(Dataset content begins)

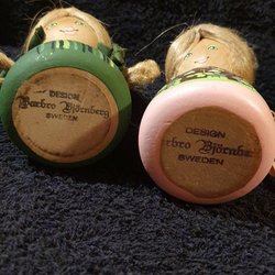 Disse dukker er klædt i matchende grønne fløjlsdragter. Dukken i kjole har brunt hår stylet i to hestehaler med hvide sløjfer. Dukken i buksedragt har en matchende hat. Begge dukker har åbne munde og fregner.
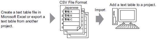 By creating the Text Table file (*.csv or *.txt) in Microsoft Excel in advance, you can use the file in the project by importing the file.
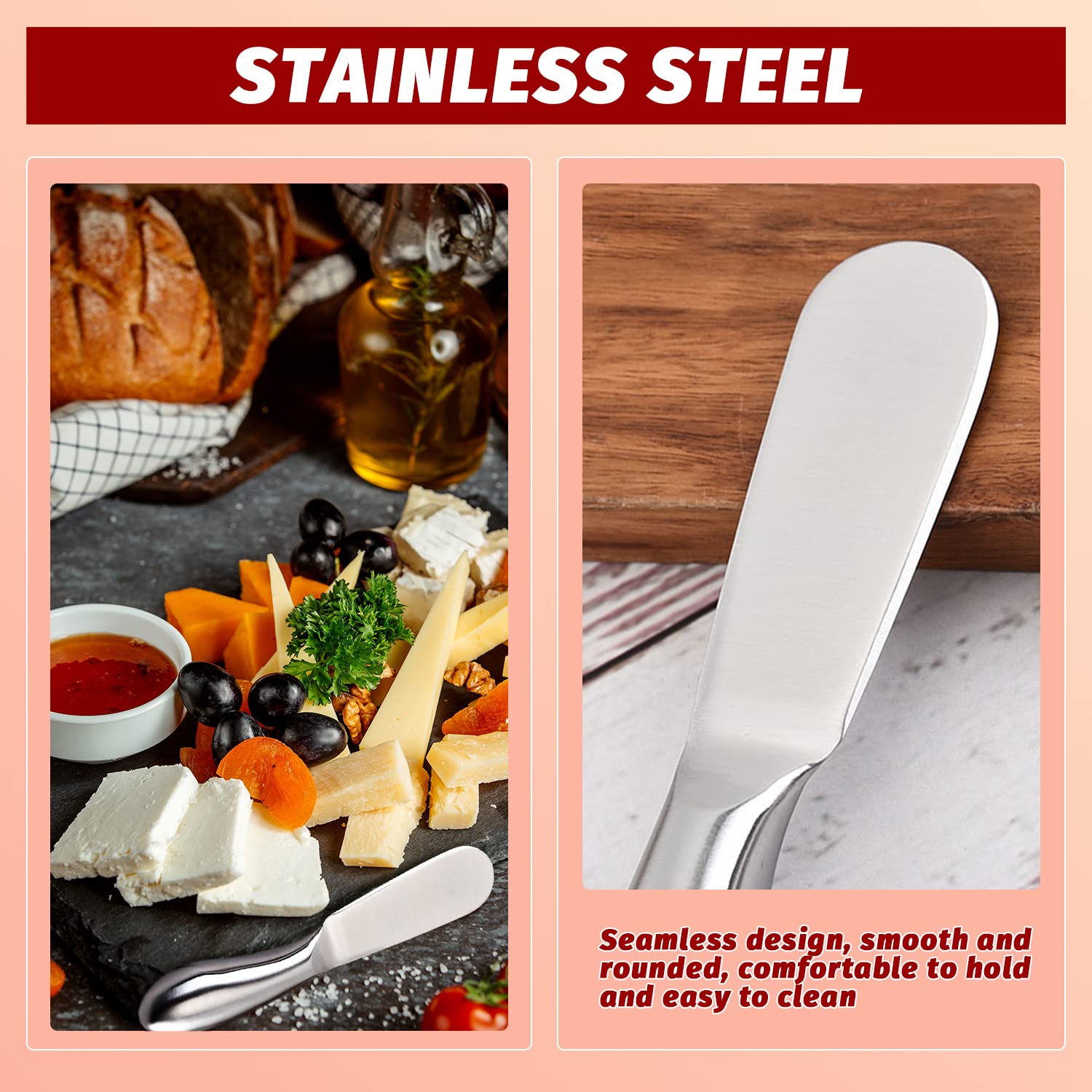 • 【Better Butter Spreader Knife】Butter knife spreader is constructed of all-one-piece durable premium food grade stainless steel, no seams, very solid, Anti-rust and sharp, brushed metal, heat-treated and tarnish-resistant, suitable for handling with any type of cheese and butter. This kitchen tools set has a classic design that go well with your existing flatware
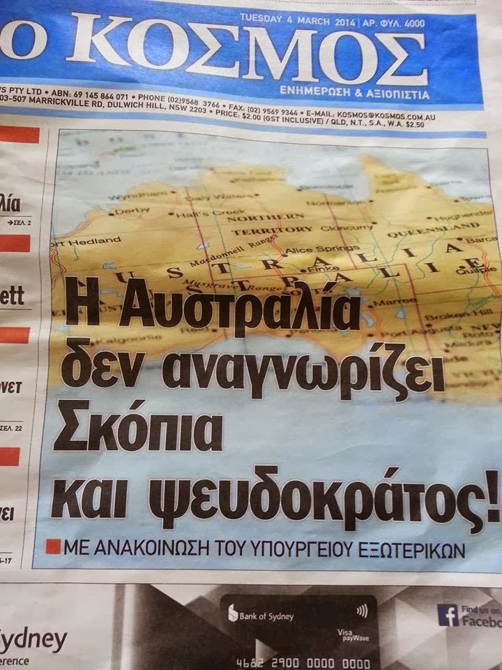 και φαίνεται να έχουν συμβάλει αρκετά στην σταθερή θέση της χώρας σχετικά με την ονομασία των Σκοπίων.To θέμα έγινε και πρωτοσέλιδο σε εφημερίδα των ομογενών μας της Αυστραλίας όπως βλέπετε και στην φώτο
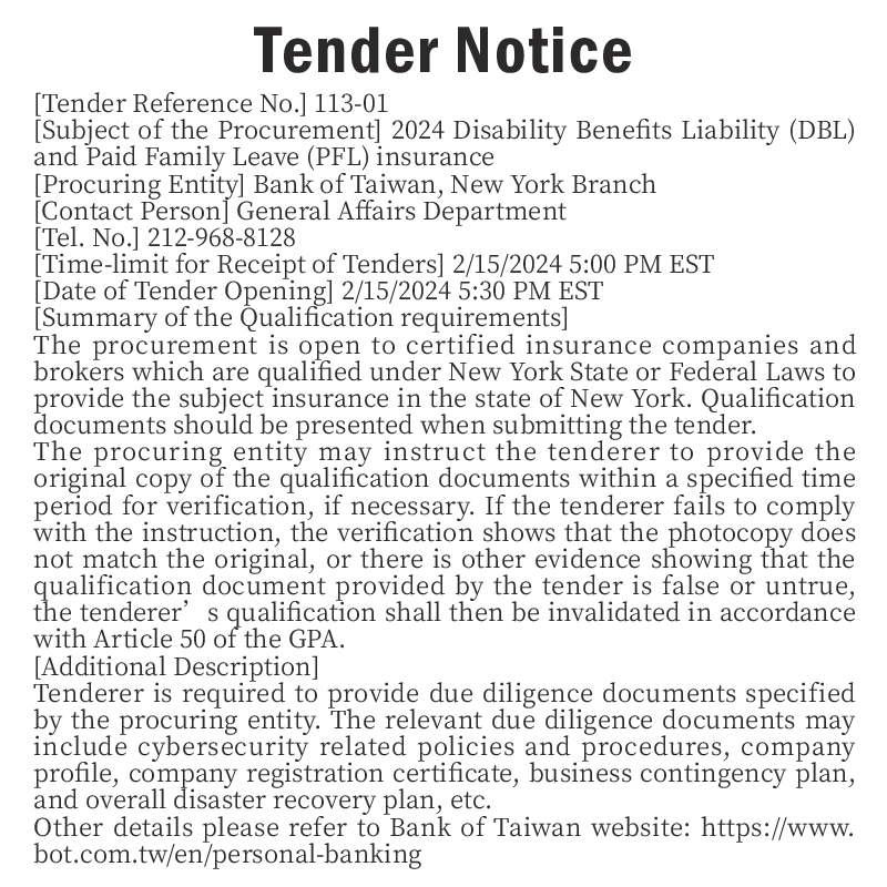 [Procuring Entity] Bank of Taiwan, New York Branch

(Dataset content ends)

Write out exactly the lines from the one containing "και φαίνεται να" through the end of the records above, both included, leaving all pictures out.

 και φαίνεται να έχουν συμβάλει αρκετά στην σταθερή θέση της χώρας σχετικά με την ονομασία των Σκοπίων.To θέμα έγινε και πρωτοσέλιδο σε εφημερίδα των ομογενών μας της Αυστραλίας όπως βλέπετε και στην φώτο
 [Procuring Entity] Bank of Taiwan, New York Branch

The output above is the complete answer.